April 2020 – Over three decades, Chicago-based independent scholar, journalist, and activist Yasmin Nair has produced a body of queer critique unique in its wide compass, analytical clarity, resistance to cant, and Menckenian wit. The William A. Percy Foundation is pleased to announce Yasmin as recipient of 2020’s Charley Shively Prize for Gay Liberation.
Born in Kolkata, India, and with a PhD in literature from Purdue University, Yasmin has charted a path as a public intellectual. Her work has appeared in The Baffler, the Evergreen Review, In These Times, The Guide, and Windy City Times, as well as many anthologies. A book of essays is forthcoming. Together with Conrad Ryan, she founded the editorial collective Against Equality.
Yasmin can lay claim to multiple identities, notes her web page (Yasminnair.com): “Queer, disabled, brown, housing-precarious, female, vaguely foreign, a woman with terrorist hair, a crazy cat lady, and others she may have forgotten but chooses not to use to justify her arguments.”
With a nod to Yasmin’s Indian roots and longstanding perch in America’s Midwest, her work might be summed up by its revel in tipping sacred cows. In dissecting keywords such as “equality,” “human rights,” “sex trafficking,” “intersectionality,” “trauma,” and “non-profit,” Yasmin has compiled a veritable Devil’s Dictionary of terms that structure sexual governance in the West today. It’s a regime characterized, she argues, by a diabolical public/private partnership between a carceral and surveiling state in service to predatory elites and formerly oppositional sexual identity movements that now offer up on silver platters key triggers for state repression.
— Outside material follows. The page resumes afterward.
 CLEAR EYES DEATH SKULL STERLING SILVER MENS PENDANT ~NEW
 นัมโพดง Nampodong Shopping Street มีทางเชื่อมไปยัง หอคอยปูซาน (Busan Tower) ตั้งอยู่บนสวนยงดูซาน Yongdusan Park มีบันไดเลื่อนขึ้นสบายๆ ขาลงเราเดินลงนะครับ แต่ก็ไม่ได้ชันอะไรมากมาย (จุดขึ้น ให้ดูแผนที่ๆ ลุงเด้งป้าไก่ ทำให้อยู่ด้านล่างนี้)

Whether writing about how upper-crust tax evasion helped motivate the fight for same-sex marriage, presidential candidate Pete Buttigieg’s use of Afghanistan as a prop for coming out, or the politics of composting toilets, Yasmin is simultaneously acid and earthy, never dour. While she wears anger at the state of the world on her writerly sleeve, Yasmin also looks to the improbable successes of past struggles to conjure a reasoned case for hope through organizing rooted in clear thinking.
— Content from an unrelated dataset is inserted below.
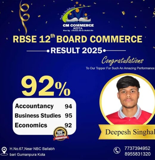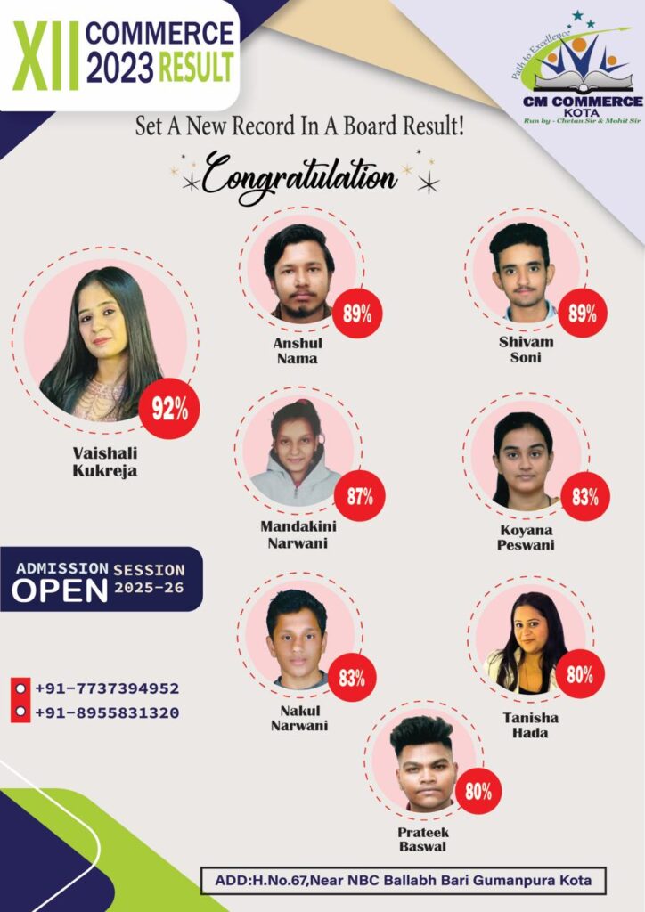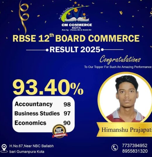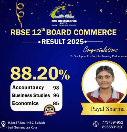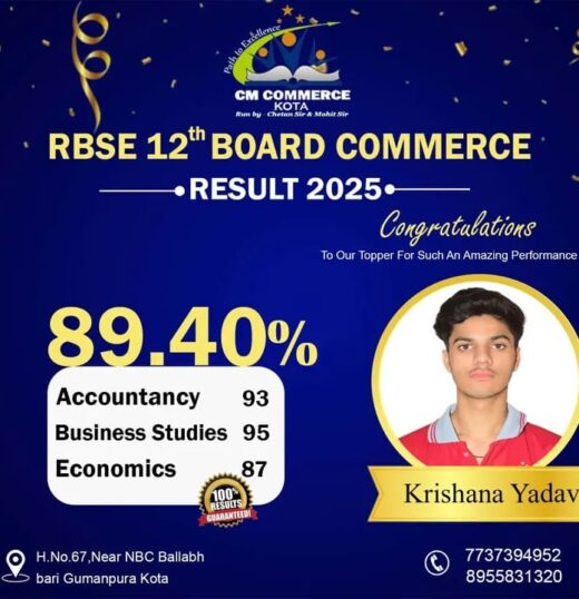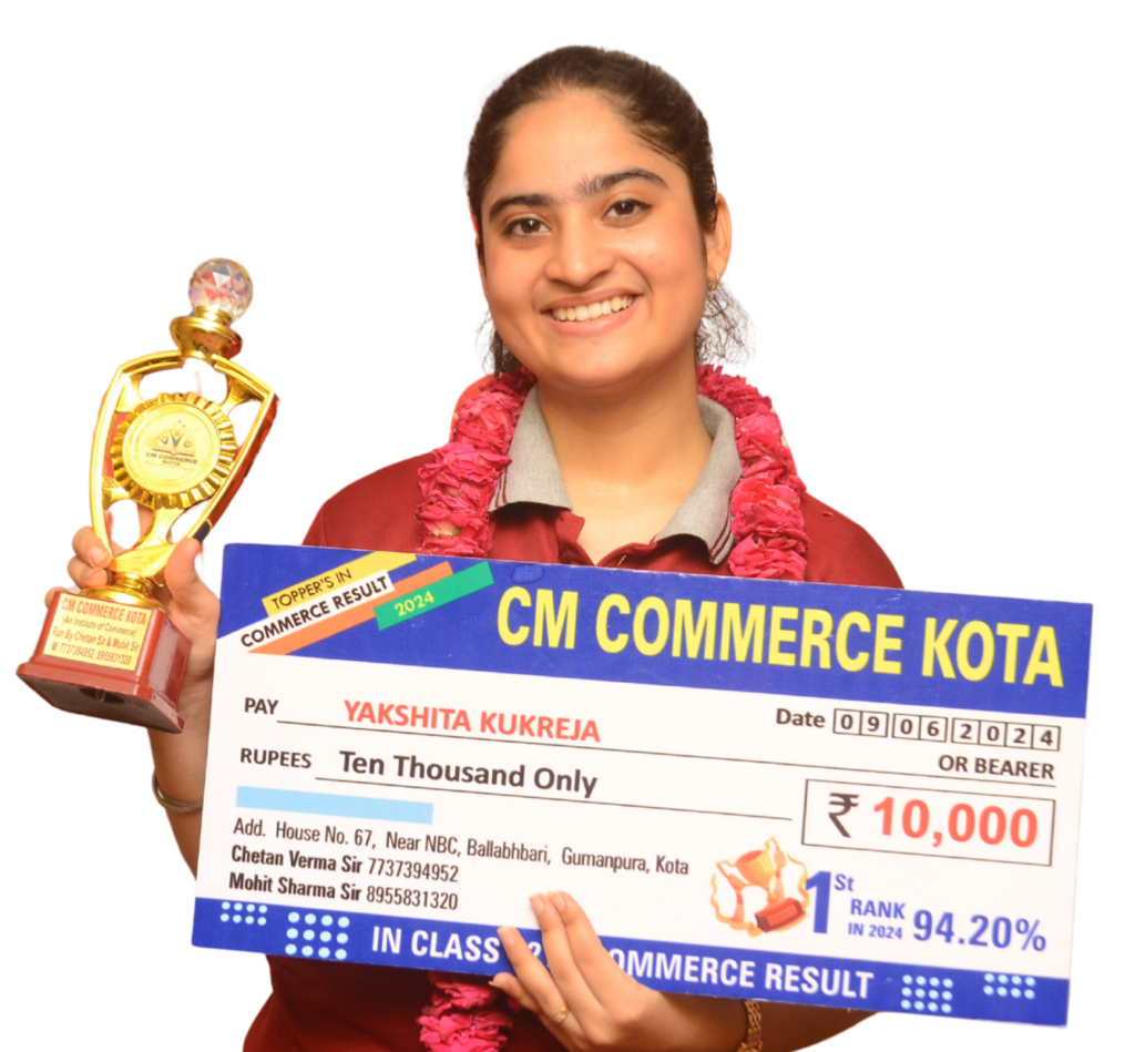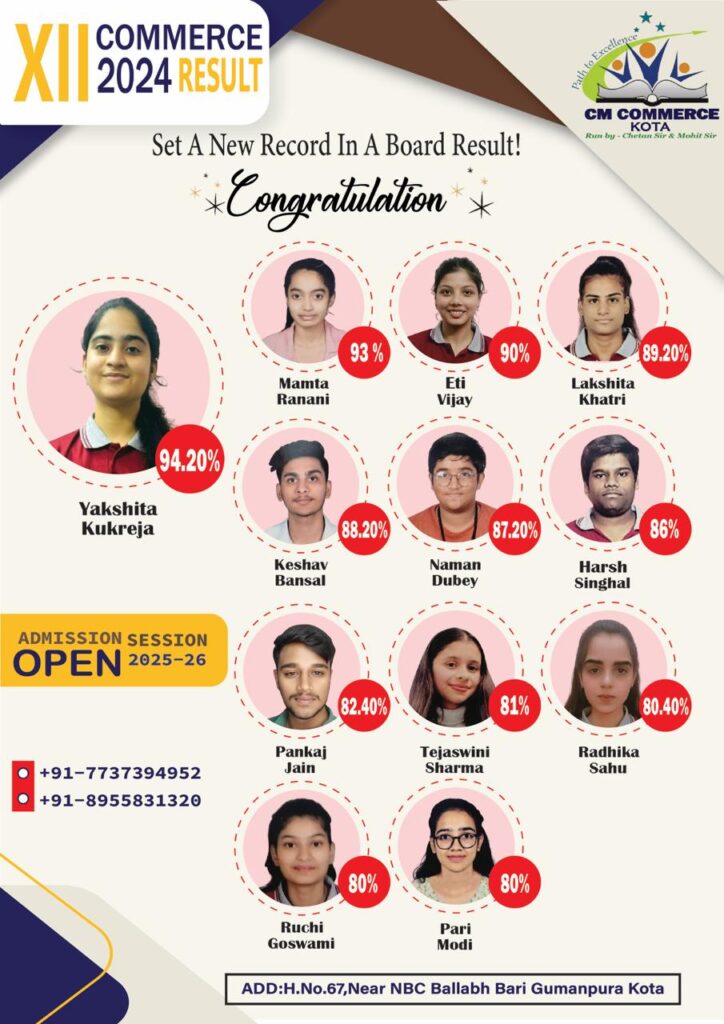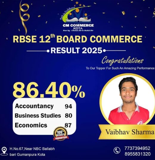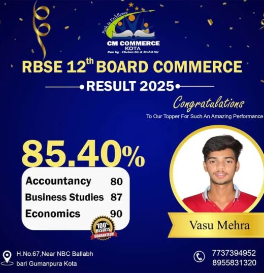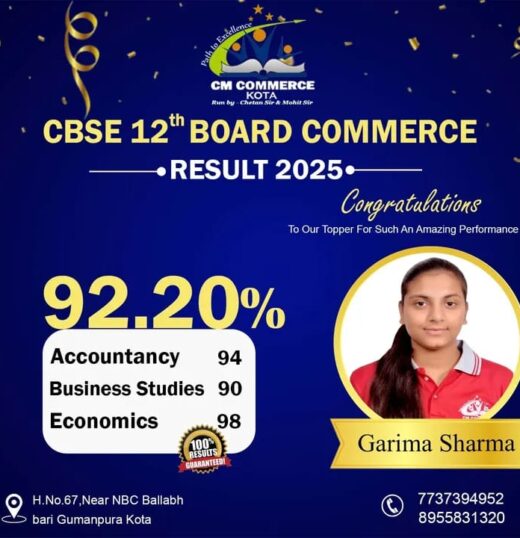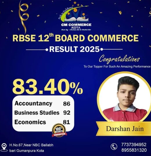 CM Commerce Kota is a trusted name in commerce education, dedicated to academic excellence and student success. With experienced faculty, structured teaching methods, and consistent results, we help students achieve their goals in XI, XII, and B.Com.
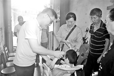 从才才家告别出来后,杨振新和胡智权又赶往金田镇,那里有11个家庭的患儿在翘首以盼。金田镇4岁的贵贵(化名)长得白白净净,但嘴角流着口水,四肢蜷缩着,无法正常伸展。胡智权仔细地为贵贵进行检查,初步判断贵贵是因出生时黄疸未及时治疗,导致神经系统损伤和肌张力异常,需要到医院做进一步详细检查。

About the prize: As scholar and activist, poet and muse, Charley Shively (1937-2017) was a major figure of the post-Stonewall gay liberation movement. Growing up dirt-poor in rural Ohio, Charley ended up earning a PhD in history at Harvard, and spent his career teaching first at Boston State University and later at the University of Massachusetts, Boston.
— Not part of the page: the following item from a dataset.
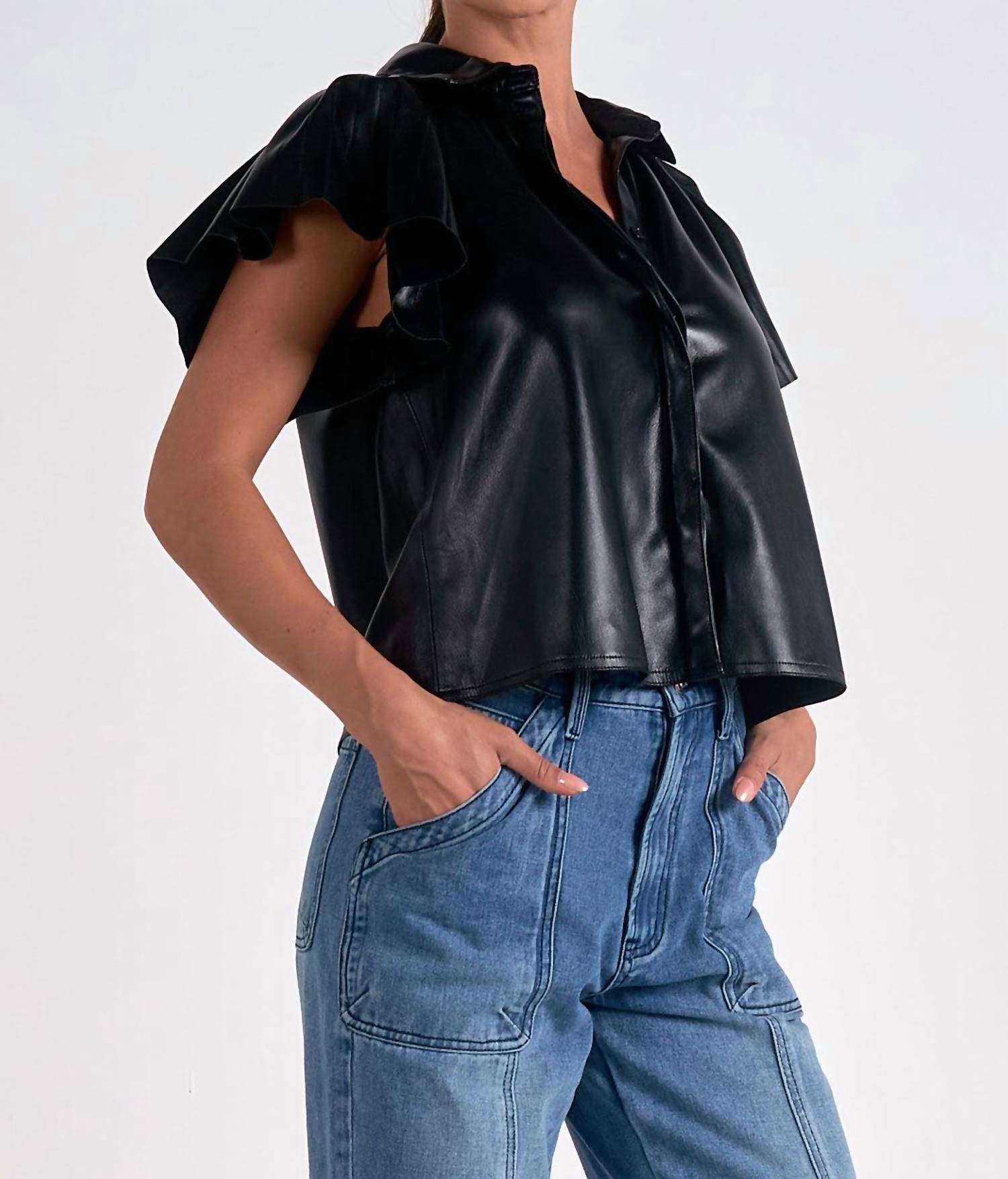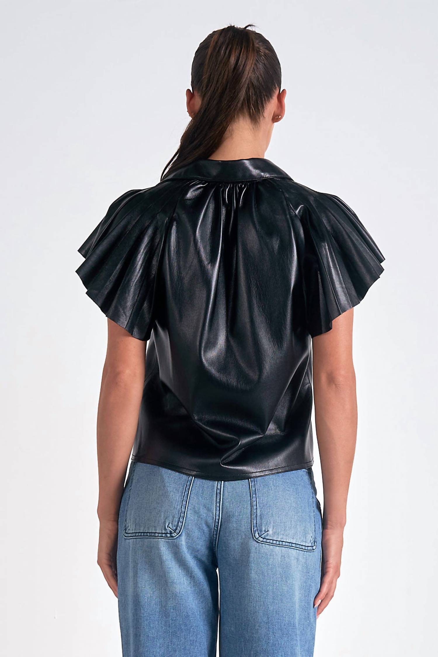 Elan - Leather Flutter Sleeve Top

Starting in the early 1970s, Charley was a guiding light behind the influential gay liberation broadsheet Fag Rag. Over the course of two books on poet Walt Whitman, Shively excavated the erotically suffused friendships Whitman had with working-class men and youths, camaraderie to which America’s post-Civil War urbanization gave new scope and vitality, and in which Whitman famously descried solidarities that might redeem America’s violent birth-pangs and bind a young, diverse nation now carrying a beacon onto the world stage.
As one who never forgot his roots, Charley grounded his sexual radicalism not only in his immediate identification with the downtrodden, but in his deep readings of history and theory, particularly 19th century anarchist thought.
The Charley Shively Prize, which includes a $1,000 honorarium, is awarded to someone who exemplifies in his or her scholarship and activism Charley’s intellectual mettle, radical savoir-faire, and incorruptible boldness.
The first annual Shively Prize was awarded in 2019 to Bob Chatelle and Jim D’Entremont.